通过对视频胶囊图像序列进行定量分析,研究乳糜泻患者小肠绒毛萎缩情况。
采用9例经活检证实有绒毛萎缩的乳糜泻患者数据和7例无绒毛萎缩的对照患者数据进行分析。除1例血友病患者外,乳糜泻患者经活检证实患有疾病,Marsh分级为II-IIIC级。在小肠的四个水平(十二指肠球部、十二指肠远端、空肠和回肠),分析长度为200帧(100秒)的视频片段。使用24项测量指标进行图像特征描述。这些测量指标通过纹理分析、运动估计、基于明暗恢复形状原理的体积重建以及图像变换等技术对视频胶囊图像进行定量处理来确定。针对每个自动测量方法(即自动机),询问小肠中是否存在绒毛萎缩,以指示乳糜泻。每个自动机的投票基于优化后的参数阈值水平确定,阈值水平根据先前数据确定。如果获得多数票(≥13票),则预测存在绒毛萎缩,而对于平局票(12-12票)则不做预测。因此,每组图像被分类为来自乳糜泻患者或对照患者。

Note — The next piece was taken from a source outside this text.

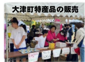
大津町特産品の販売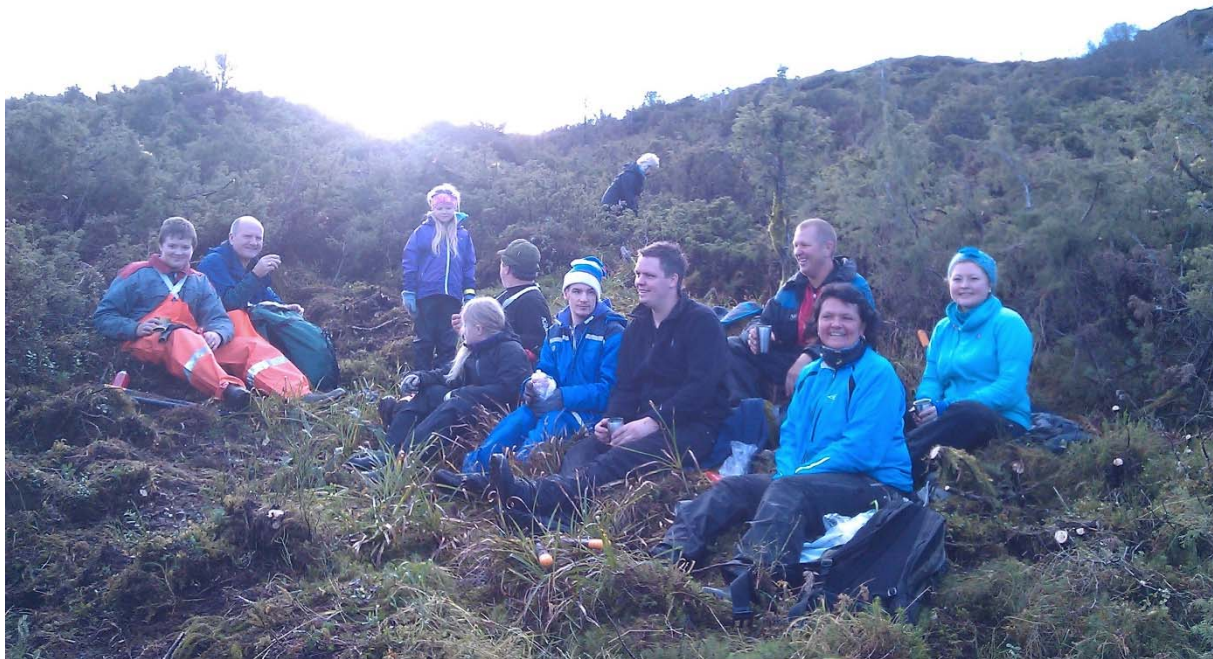
Ein god dugnadsgjeng 3/11-2013

按肠段划分,自动机投票预测绒毛萎缩进而诊断乳糜泻的总体敏感性为83.9%,特异性为92.9%,基于自动机投票的总体准确率为88.1%。图像变换方法的敏感性最高,为93.8%,而使用子带的纹理分析方法的特异性最高,为76.0%。在小肠的所有四个位置均观察到类似的预测结果,但在位置4(回肠)出现的平局票更多。两名具有Marsh II型模式(其特征为隐窝增生但绒毛结构正常)的乳糜泻患者出现了降低敏感性的错误预测。对所有水平的数据进行汇总分析,分析乳糜泻患者数据时,乳糜泻患者的自动机平均得票为14.31±3.28票,对照患者为9.67±3.31票(P<0.001)。分析对照患者数据时,乳糜泻患者的自动机平均得票为9.71±2.8128票,对照患者为14.32±2.7931票(P<0.001)。
基于自动机的投票可能有助于指示整个小肠中存在提示乳糜泻的黏膜萎缩,不过这必须在更大的患者群体中得到证实。由于该方法是定量且自动化的,它有可能消除观察者偏差,并能够检测出缺乏明确诊断的患者中的细微异常。我们的模式在小肠近端位置更有效,这可能表明与远端位置相比,近端绒毛萎缩的存在更多且更严重。